● **WORK TASK**
Would you repeat word for word the lines of the listing that follows, from the one with "50 m² kælder)" up to and including the one with "車頭看起來差別度就不大了,頭", and leave out the images?

INFORMATION START

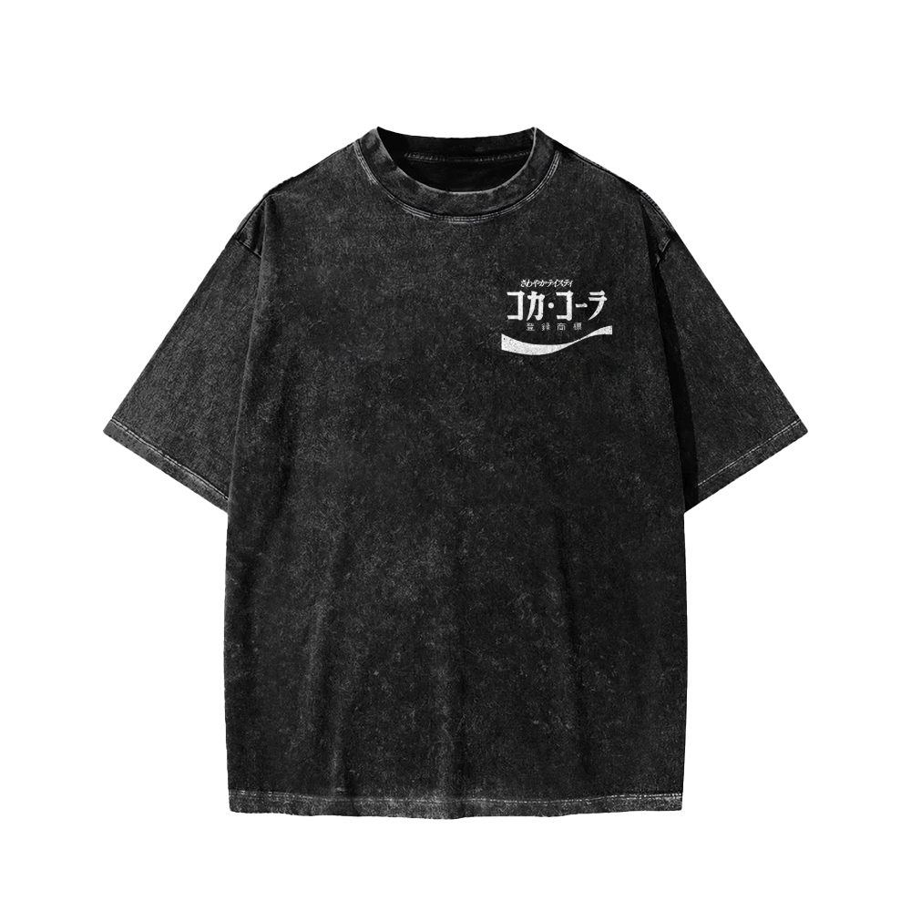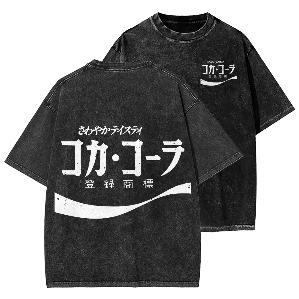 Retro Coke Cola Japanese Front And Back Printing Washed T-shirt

INFORMATION END
INFORMATION START

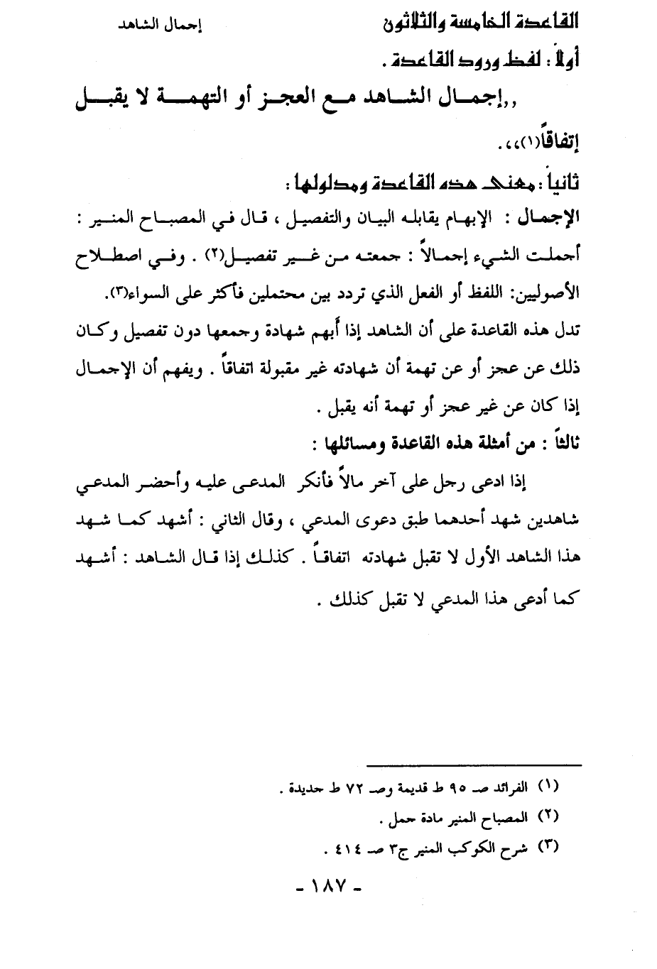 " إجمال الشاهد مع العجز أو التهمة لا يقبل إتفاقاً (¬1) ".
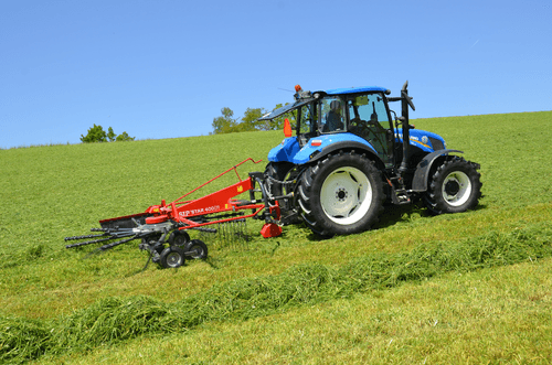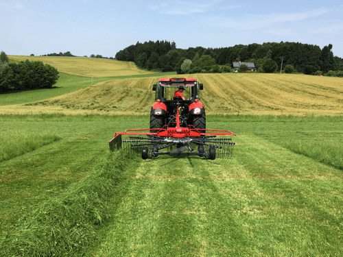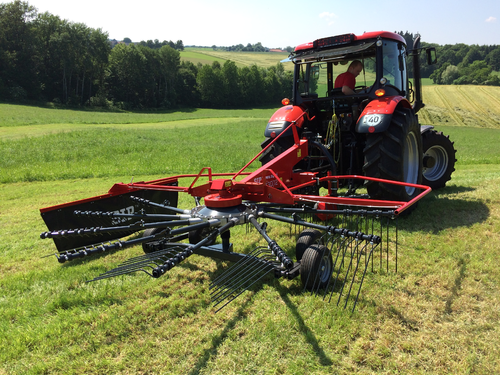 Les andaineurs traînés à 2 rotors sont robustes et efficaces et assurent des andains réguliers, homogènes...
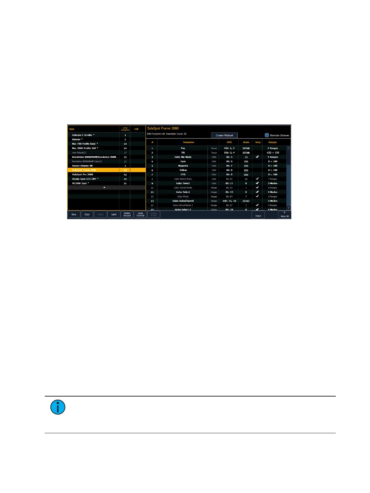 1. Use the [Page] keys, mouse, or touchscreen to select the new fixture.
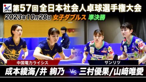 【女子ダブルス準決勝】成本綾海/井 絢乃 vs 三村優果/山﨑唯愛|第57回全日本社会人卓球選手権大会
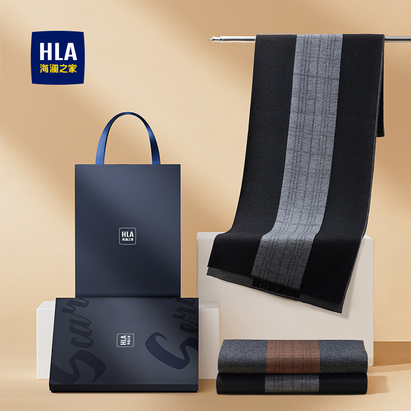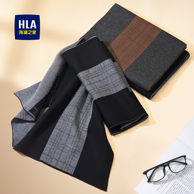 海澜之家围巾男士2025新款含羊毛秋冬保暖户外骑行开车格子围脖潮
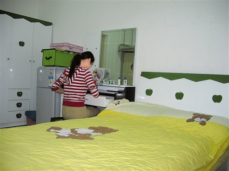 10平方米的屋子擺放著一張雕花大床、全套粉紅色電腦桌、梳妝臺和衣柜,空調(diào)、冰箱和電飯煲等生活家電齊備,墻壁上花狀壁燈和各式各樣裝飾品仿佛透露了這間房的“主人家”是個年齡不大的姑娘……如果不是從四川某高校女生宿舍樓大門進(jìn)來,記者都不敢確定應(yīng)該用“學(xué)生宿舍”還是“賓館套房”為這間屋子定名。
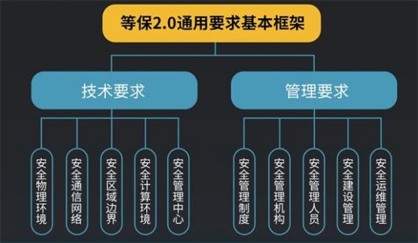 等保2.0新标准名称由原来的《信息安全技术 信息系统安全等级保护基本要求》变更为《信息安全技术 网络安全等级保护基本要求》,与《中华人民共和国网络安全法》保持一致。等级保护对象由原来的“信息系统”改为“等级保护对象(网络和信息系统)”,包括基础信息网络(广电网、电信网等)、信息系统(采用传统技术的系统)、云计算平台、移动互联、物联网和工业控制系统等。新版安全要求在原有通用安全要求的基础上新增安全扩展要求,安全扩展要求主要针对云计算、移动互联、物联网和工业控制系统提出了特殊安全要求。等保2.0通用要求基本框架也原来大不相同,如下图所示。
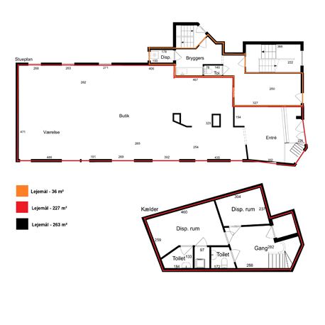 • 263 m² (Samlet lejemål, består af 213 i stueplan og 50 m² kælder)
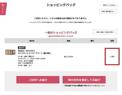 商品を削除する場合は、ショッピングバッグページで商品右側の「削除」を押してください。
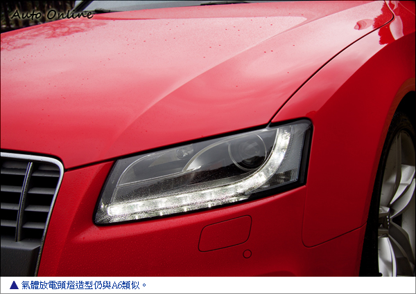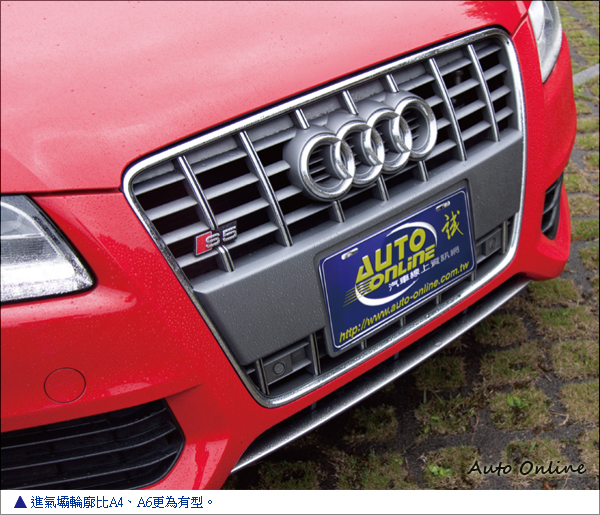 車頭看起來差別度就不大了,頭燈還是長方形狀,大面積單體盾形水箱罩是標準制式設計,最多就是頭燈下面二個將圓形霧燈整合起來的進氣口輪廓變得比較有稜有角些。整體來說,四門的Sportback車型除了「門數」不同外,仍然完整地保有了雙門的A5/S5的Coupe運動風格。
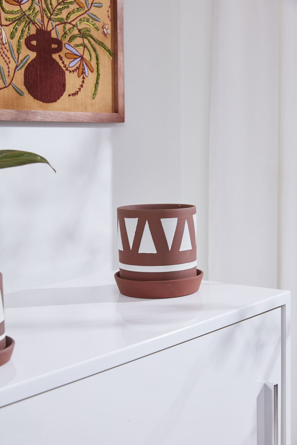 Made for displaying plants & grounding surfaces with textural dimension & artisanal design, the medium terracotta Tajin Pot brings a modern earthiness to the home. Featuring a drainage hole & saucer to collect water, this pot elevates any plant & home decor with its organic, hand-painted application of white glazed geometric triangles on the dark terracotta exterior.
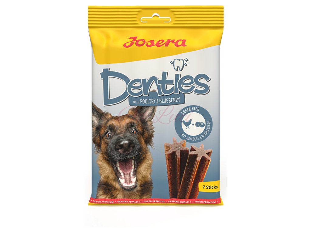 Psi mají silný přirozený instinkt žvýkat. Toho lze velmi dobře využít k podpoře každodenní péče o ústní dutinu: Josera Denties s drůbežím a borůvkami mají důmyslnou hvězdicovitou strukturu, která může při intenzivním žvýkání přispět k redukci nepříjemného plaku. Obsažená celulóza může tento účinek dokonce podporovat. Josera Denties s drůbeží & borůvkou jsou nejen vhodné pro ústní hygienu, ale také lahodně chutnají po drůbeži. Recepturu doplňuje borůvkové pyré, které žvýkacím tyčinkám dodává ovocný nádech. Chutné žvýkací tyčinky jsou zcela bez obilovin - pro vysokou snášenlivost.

INFORMATION END
INFORMATION START

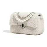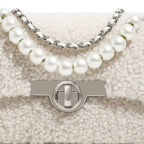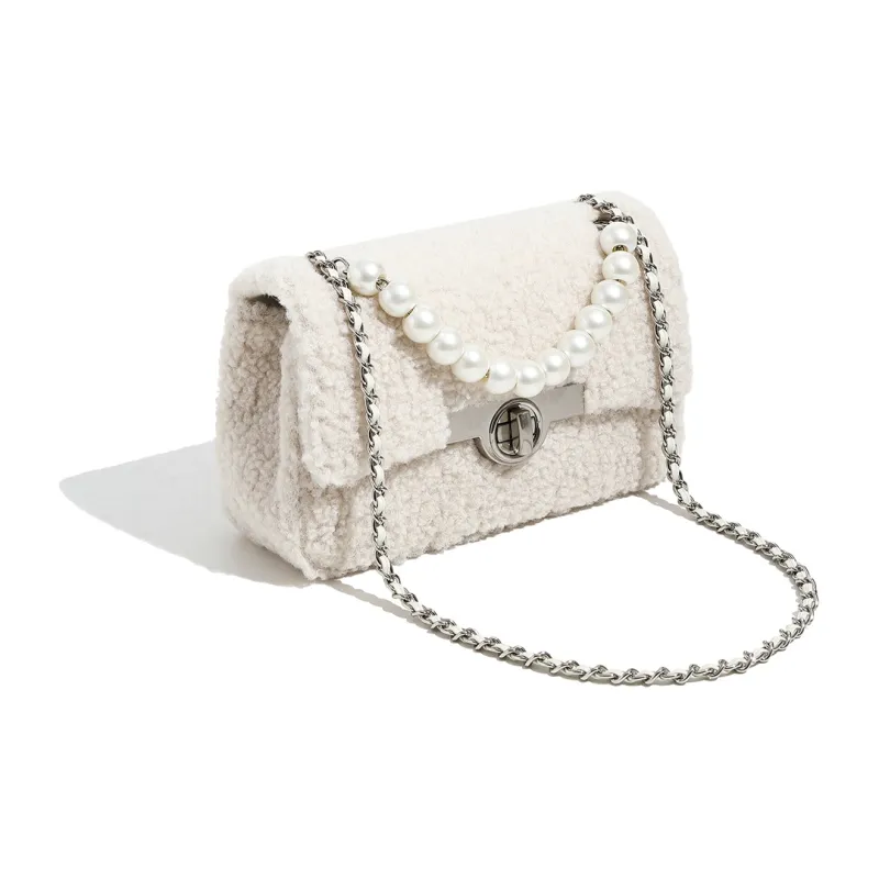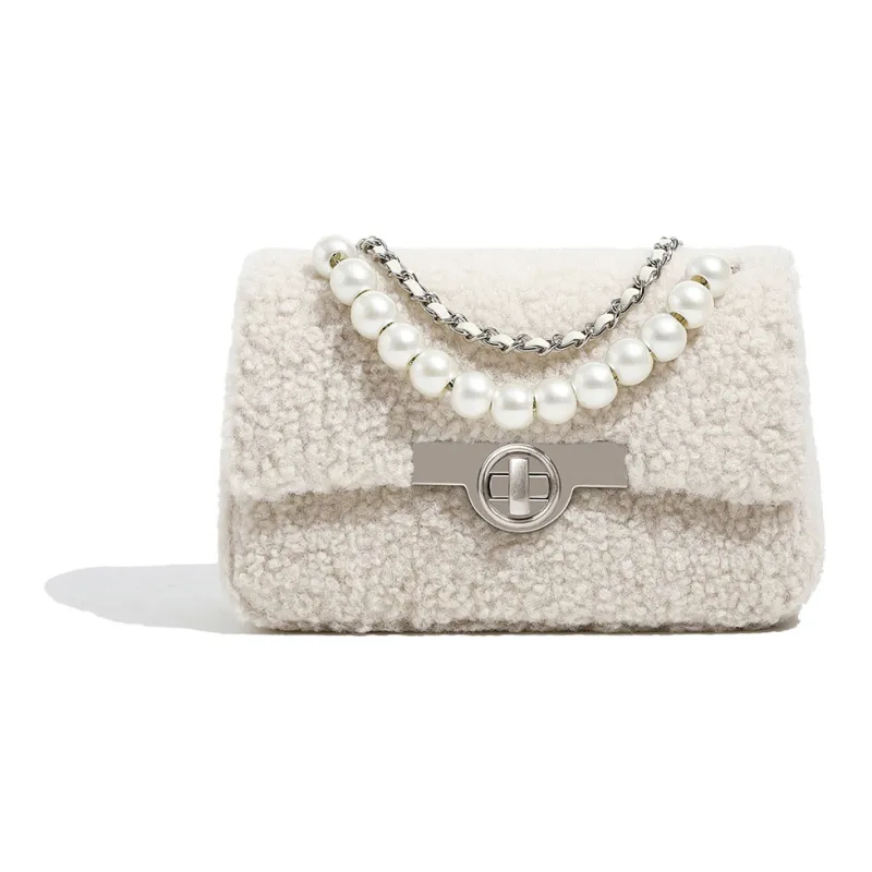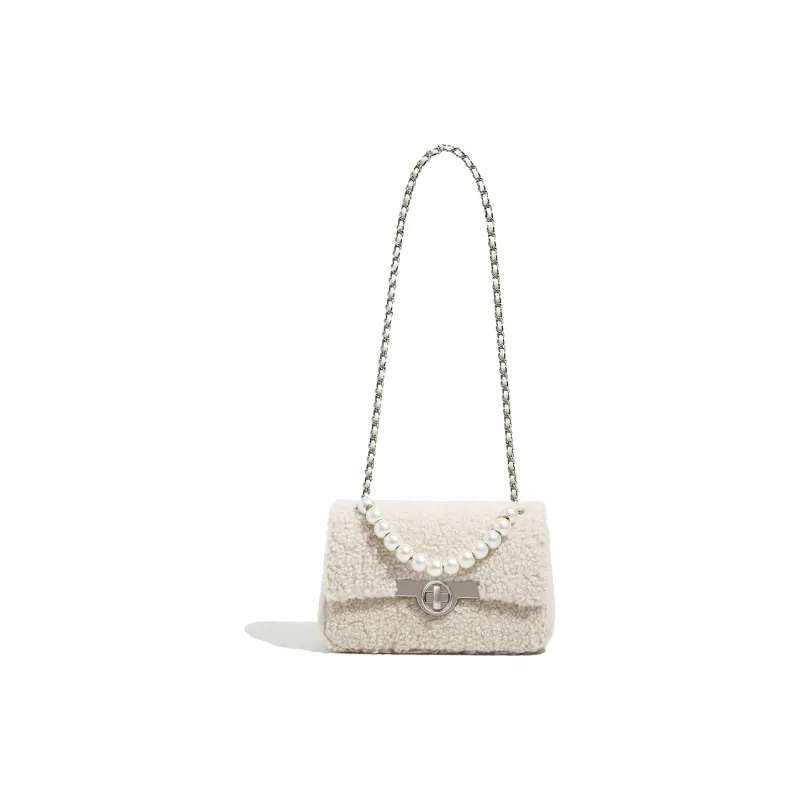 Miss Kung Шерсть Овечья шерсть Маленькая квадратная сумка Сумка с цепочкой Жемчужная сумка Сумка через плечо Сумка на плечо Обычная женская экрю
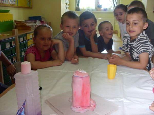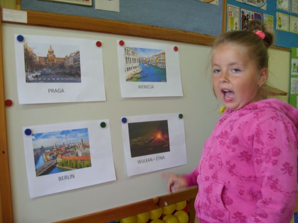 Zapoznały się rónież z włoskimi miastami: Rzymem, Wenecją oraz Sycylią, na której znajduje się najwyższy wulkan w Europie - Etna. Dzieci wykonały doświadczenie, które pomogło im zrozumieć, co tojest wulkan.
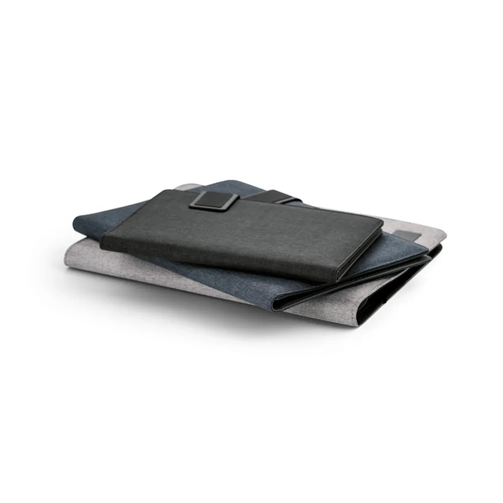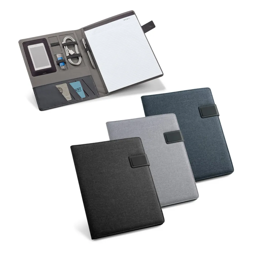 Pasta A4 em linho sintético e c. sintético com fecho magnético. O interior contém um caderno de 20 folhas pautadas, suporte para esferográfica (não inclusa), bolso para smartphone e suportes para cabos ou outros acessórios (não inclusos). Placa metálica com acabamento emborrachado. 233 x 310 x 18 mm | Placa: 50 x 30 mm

INFORMATION END

● **REPLY TO THE TASK**
 • 263 m² (Samlet lejemål, består af 213 i stueplan og 50 m² kælder)
 商品を削除する場合は、ショッピングバッグページで商品右側の「削除」を押してください。
 車頭看起來差別度就不大了,頭燈還是長方形狀,大面積單體盾形水箱罩是標準制式設計,最多就是頭燈下面二個將圓形霧燈整合起來的進氣口輪廓變得比較有稜有角些。整體來說,四門的Sportback車型除了「門數」不同外,仍然完整地保有了雙門的A5/S5的Coupe運動風格。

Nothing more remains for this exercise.